Start of DATA PROVIDED

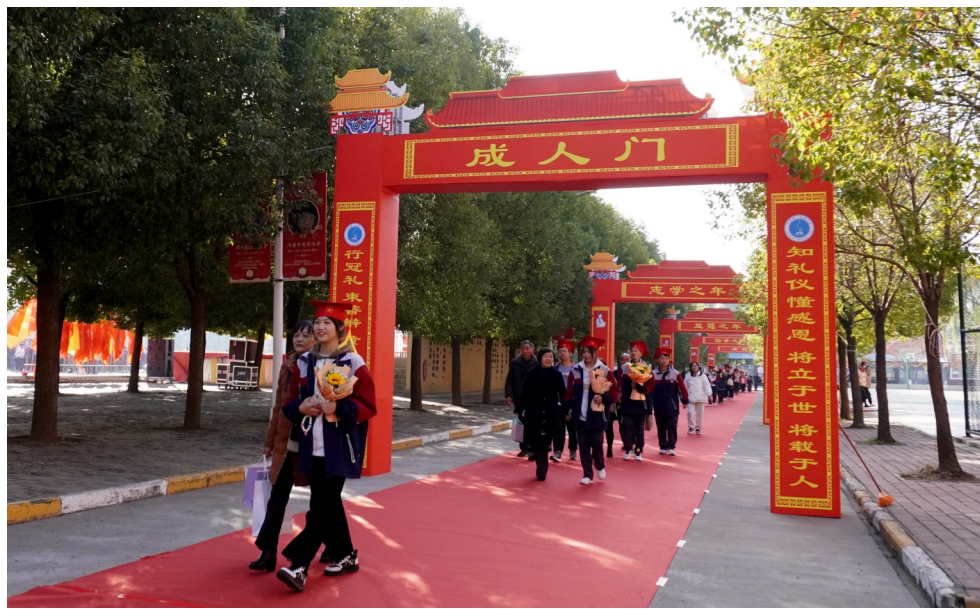
11月18日,许昌二高举办2024届高三学子18岁成人礼。图为学生们在家长陪同下走过成人门。

该校有关负责人表示,让书香浸润心灵,让书香相伴成长,是该校打造“书香校园”的宗旨。本次读书让学生在阅读分享中收获了读书的快乐,也领悟了经典的价值。
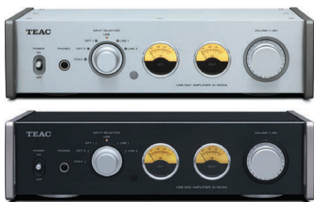
USB DAC/ステレオプリメインアンプ AI-501DA
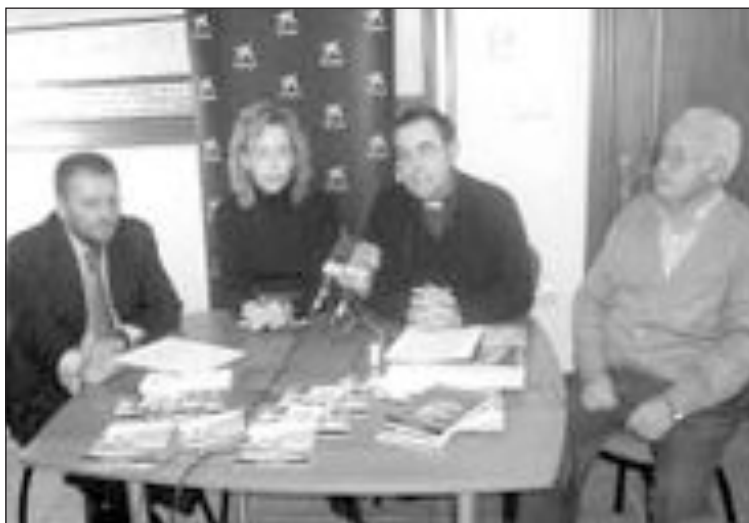
Momento de la rueda de prensa celebrada en la Casa Abadía de Castalla

Las donaciones se celebrarán entre enero y agosto, cada mes en el local social de una de las siete comparsas, además de en la sede de la Agrupación Musi-
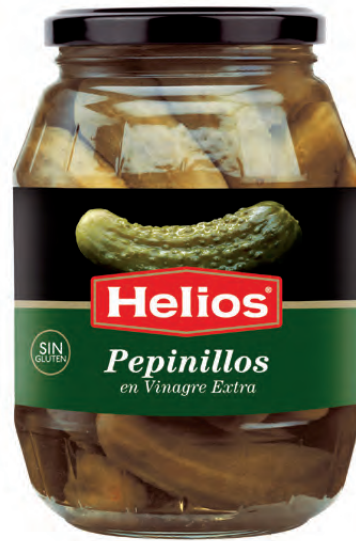
Peso Escurrido / Drained weight: 580 g.
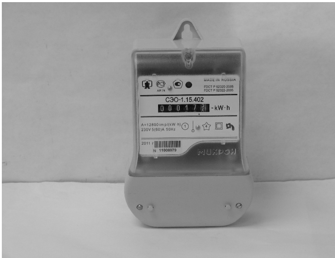
Рисунок 1 – Внешний вид счетчиков СЭО-1.15.402, СЭО-1.15.502, СЭО-1.15.402/1, СЭО-1.15.502/1 с закрытой крышкой клеммной колодки

Внешний вид счетчиков СЭО-1.15 с закрытой крышкой клеммной колодки и схемы опломбирования приведены на рисунках 1 - 5.
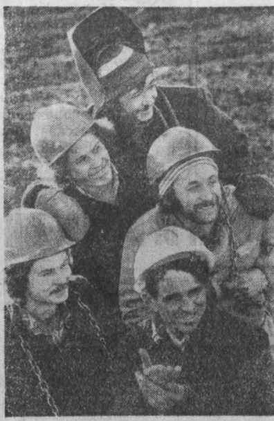
Отчеты и выборы
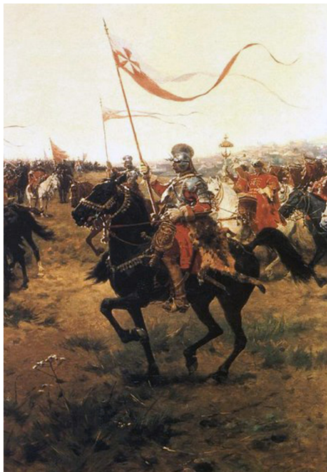
Ил. 3. Гусар. Художник Ю. Брандт, 1890 г.

Поместная русская конница оказалась меньше затронута военными преобразованиями царя Ивана IV, хотя после 1550 г. ее вооружение и обмундирование немного улучшились. Тем не менее, по своему содержанию она по-прежнему тяготела к татарскому типу легкой конницы, которая была вооружена луками, маленькими копьями и саблями. Отличительной чертой ее тактики являлись в основном быстрые налеты и неожиданные нападения, а не крупные сражения. Единственный крупный бой в ходе торопецкой операции показал неспособность помест-
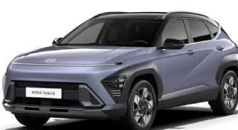
Meta Blue perlamutra (PM0) / melns jumts*
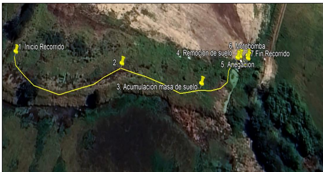
Ilustración 1. Recorrido verificación ambiental -Vereda El Hato

El día 29 de mayo de 2024, se realizó recorrido de control y vigilancia en la ronda del humedal Gualí desde las coordenadas 4°43'10.367"N - 74°11'2.976" W hasta las coordenadas 4°43'7.517"N - 74°10'59.358" W (ver ilustración 1. Ruta amarilla) ecosistema que fue declarado por la Corporación Autónoma Regional de Cundinamarca - CAR como Distrito Regional de Manejo Integrado a través del acuerdo 001 de 2014 "Por medio del cual se declaran como Distrito Regional de Manejo Integrado (DMI), los terrenos comprendidos por los humedales de Gualí, Tres Esquinas y Lagunas de Funzhé, y su área de influencia directa ubicada en los municipios de Funza, Mosquera y Tenjo, Cundinamarca", y estableció tres zonas: 1. Preservación (espejo de agua), 2. Recuperación (50 metros) y 3. Uso sostenible (100 metros), con el fin de verificar las condiciones ambientales, identificar posibles afectaciones a los recursos naturales y realizar las acciones de prevención correspondientes.
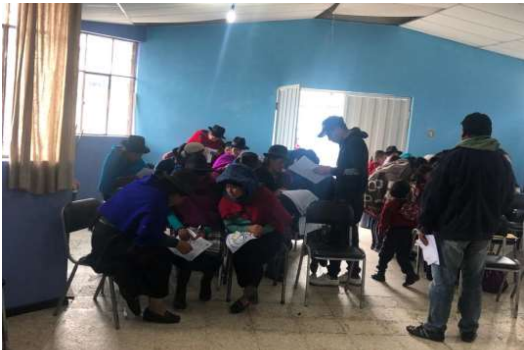
Nota: Padres de familia de la Unidad Educativa Sicalpa. Elaborado por: Jeniffer Meliza Panata Punina
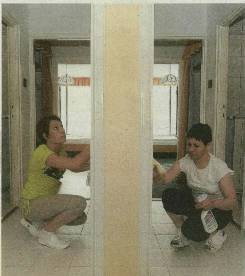
■ AZ ÚJ SZÁLLODASZÁRNYBAN MÁR A PÉNTEKI NYITÁSRA KÉSZÜLNEK
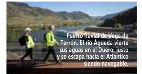
Puerto fluvial de Vega de Terrón. El río Águeda vierte sus aguas en el Duero, justo y se escapa hacia el Atlántico siendo navegable.
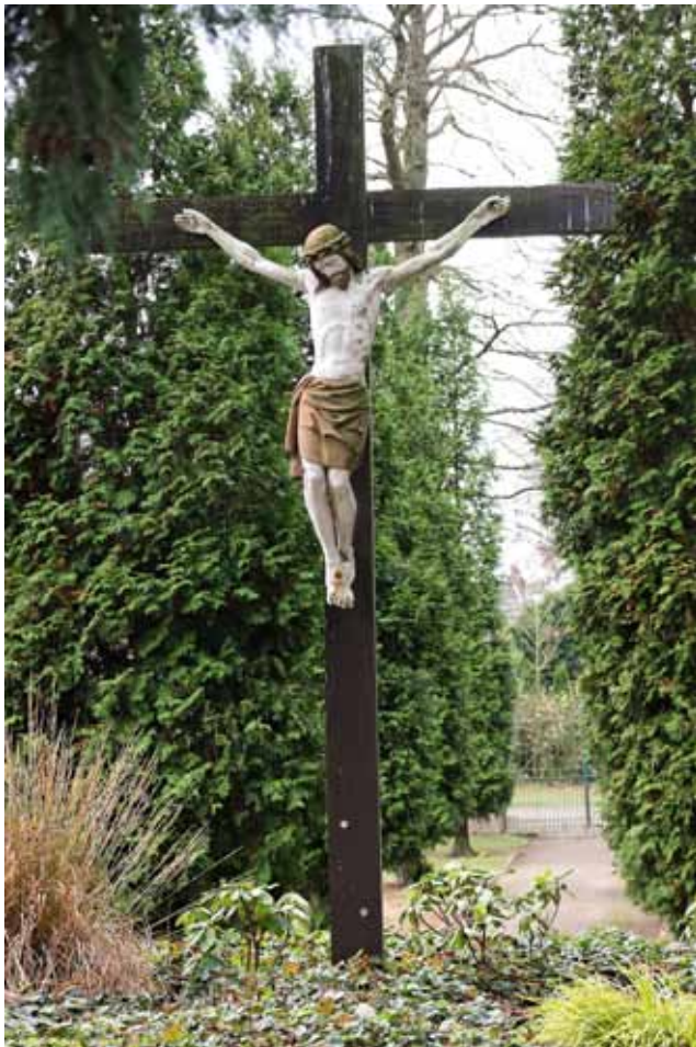
Katholischer Friedhof Bönninghardt

End of DATA PROVIDED

• WHAT THE TASK ASKS:
Search the entries above for "крышкой". Show every line that has it.

• COMPLETED TASK:
Рисунок 1 – Внешний вид счетчиков СЭО-1.15.402, СЭО-1.15.502, СЭО-1.15.402/1, СЭО-1.15.502/1 с закрытой крышкой клеммной колодки
Внешний вид счетчиков СЭО-1.15 с закрытой крышкой клеммной колодки и схемы опломбирования приведены на рисунках 1 - 5.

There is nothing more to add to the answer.